• **About this exercise**:
Among the lines below, the one containing "がーーーーん!!!!。 美女&美男、3割!! すみません、驚くところではなかったのでしょうか。" opens the range and the one containing "Stelaż kufra centralnego" closes it. Print that range exactly, without the pictures.

[Start of Attachment]

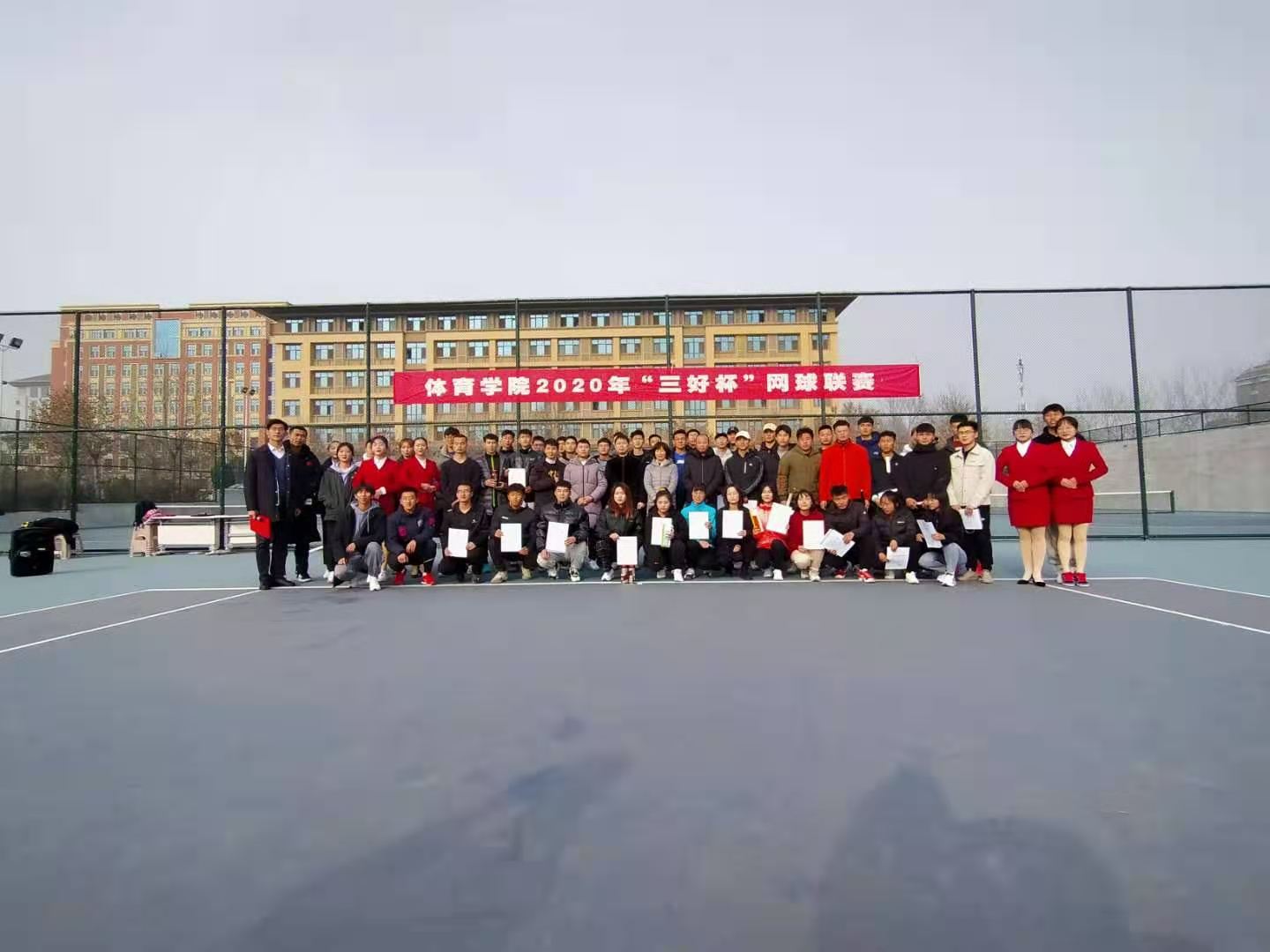 为全面贯彻《关于全面加强和改进新时代学校体育工作的意见》,落实“教会、勤练、常赛”的精神,同时丰富学生课余生活,加强学生身体素质,提高学生团队协作能力和群众凝聚力,展现大学生积极向上的风貌,体育学院于11月22日至30日举办了2020年“三好杯”班级网球赛(研究生组、本科组)。
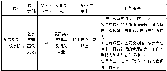 高层次人才、高级管理人才和博士应聘不受时间限制,常年有效。
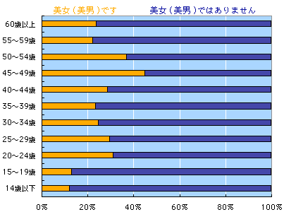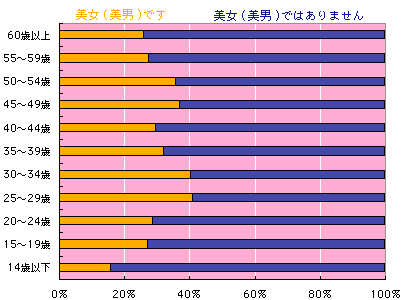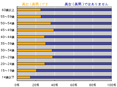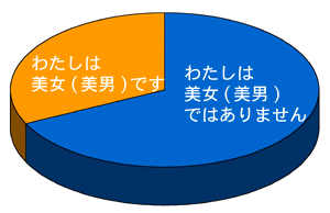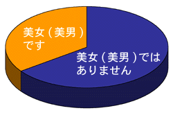 がーーーーん!!!!。 美女&美男、3割!! すみません、驚くところではなかったのでしょうか。 粛々と結果を受け止めてまいりましょう。 わたくしが意外に感じた理由は、 またのちほどメール紹介のところでお知らせいたします。 ああしかし、ここに、 先日の「花粉症アンケート」のような、 「どちらかといえば美女(美男)である」 といった項目がありしかば、 アンケートマジックやらで 結果は変わったのでしょうか? ともあれ、 この結果を「日本人の思いのものさし」でいうと、 「日本人は、 かなり美女(美男)では ありません」!! さて、それぞれの集計を見てみましょう。
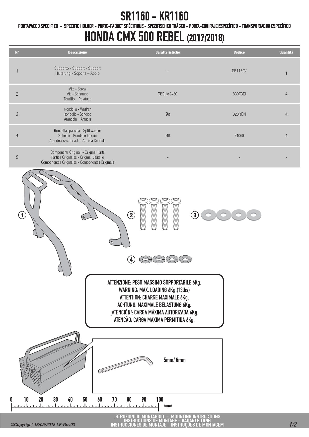 Stelaż kufra centralnego Givi SR1160 do motocykla Honda CMX 500 Rebel (17-25)
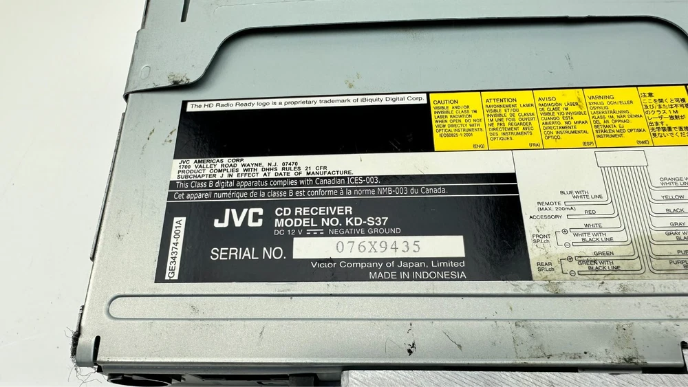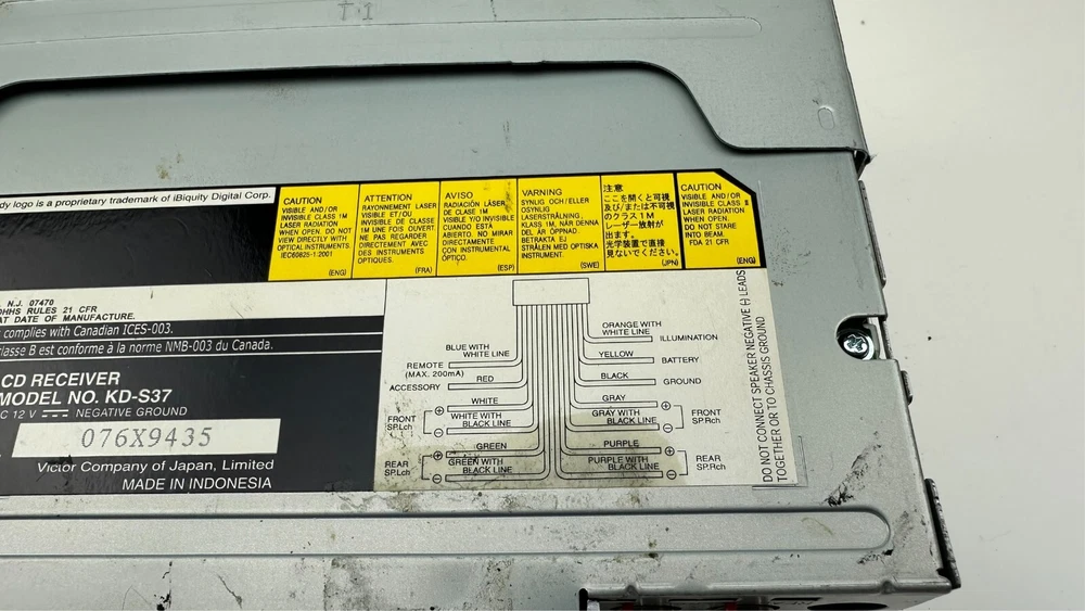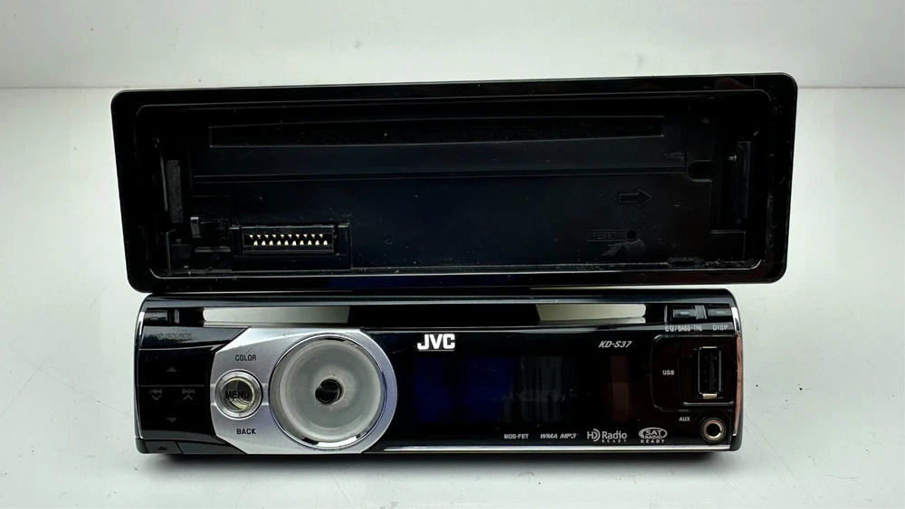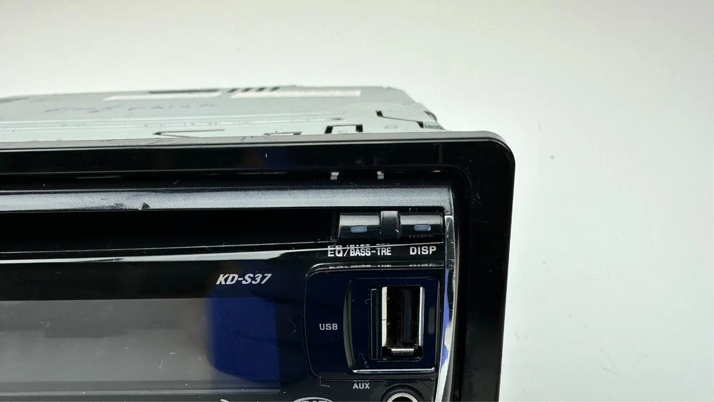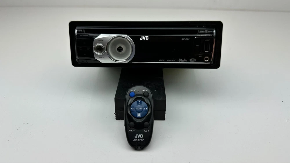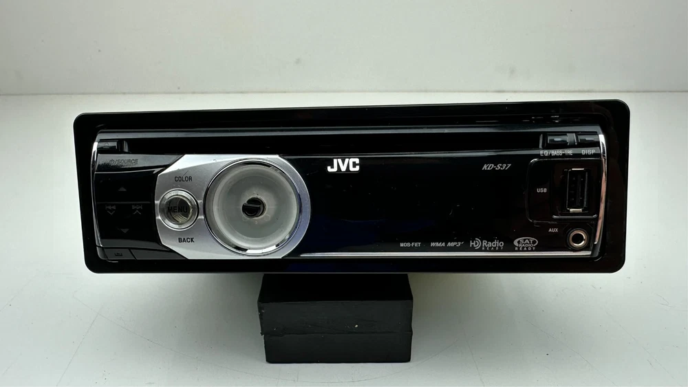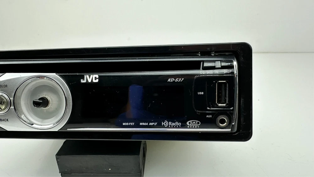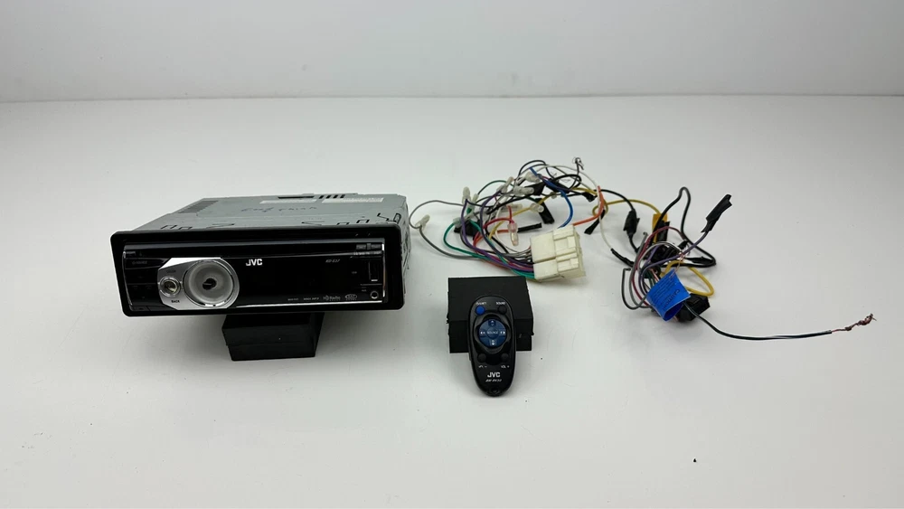 Description: A used tested and working fully functional JVC Model # KD-S37 with remote control model # RM-RK50 and with wiring harness in dash CD Player stereo/radio receiver with detachable faceplate, 1 DIN, HD radio ready and satellite radio ready, black in color with silver trim/accents, WMA, MP3, Aux port, USB port, EQ, with sleeve and bezel. The big main knob on the left side is missing. I do have another similar radio in a separate listing it is a JVC model # KD-S36. Details: Black with silver trim Model # KD-S37 Remote Model # RM-RK50 JVC 1 DIN AM/FM Stereo Receiver & CD Player Satellite radio ready HD ready EQ WMA, MP3, Aux input, USB input I have a bunch of car stereos some OEM some aftermarket that I will be listing that my dad pulled out of cars over the years from his shop. Condition: Mechanically in good fully functional condition with a good working radio and CD player. The main big knob on the left side is missing. Cosmetically in excellent condition with minimal wear on the faceplate and receiver just some very fine light swirl type scratches on the display screen but will never notice them when installed they are very minor. It is very shiny, glossy and clean. Hardly any signs of wear. Magic marker written on top of radio from when my dad removed it long ago at his shop. Super clean unit Remote control has some wear on the buttons with some faded out lettering and symbols and has light scuffs and scratches mainly on the front and back side. Wire harness looks pretty nice. Sold as is. See pictures and video when available for further details on condition and to see what you are getting as photos are part of the listing and description. Used parts could need repairs. Shipping : Shipping not free to Alaska, Hawaii, Puerto Rico, APO's and any excessive shipping locations including other countries. Contact me before purchasing if from another country. I ship fast same or next day and package well. Returns: Buyer pays return shipping cost no matter what the reason for returning it is and if you lie about the reason you are returning it I will report you. Part must be unused in the same condition can not be plugged in and no missing or swapped parts as I will inspect it and will put markings/tape in spots to assure it wasn't tampered with. If the tape is tampered with, removed, cut, missing it is not eligible for return. I will report you for abusing the return policy if anything shady is done have some morals I have kids and pets to feed as well. I prefer immediate payment but buyer has up to 7 days to pay before I open an unpaid item case.

[End of Attachment]

• **Your response**:
 がーーーーん!!!!。 美女&美男、3割!! すみません、驚くところではなかったのでしょうか。 粛々と結果を受け止めてまいりましょう。 わたくしが意外に感じた理由は、 またのちほどメール紹介のところでお知らせいたします。 ああしかし、ここに、 先日の「花粉症アンケート」のような、 「どちらかといえば美女(美男)である」 といった項目がありしかば、 アンケートマジックやらで 結果は変わったのでしょうか? ともあれ、 この結果を「日本人の思いのものさし」でいうと、 「日本人は、 かなり美女(美男)では ありません」!! さて、それぞれの集計を見てみましょう。
 Stelaż kufra centralnego Givi SR1160 do motocykla Honda CMX 500 Rebel (17-25)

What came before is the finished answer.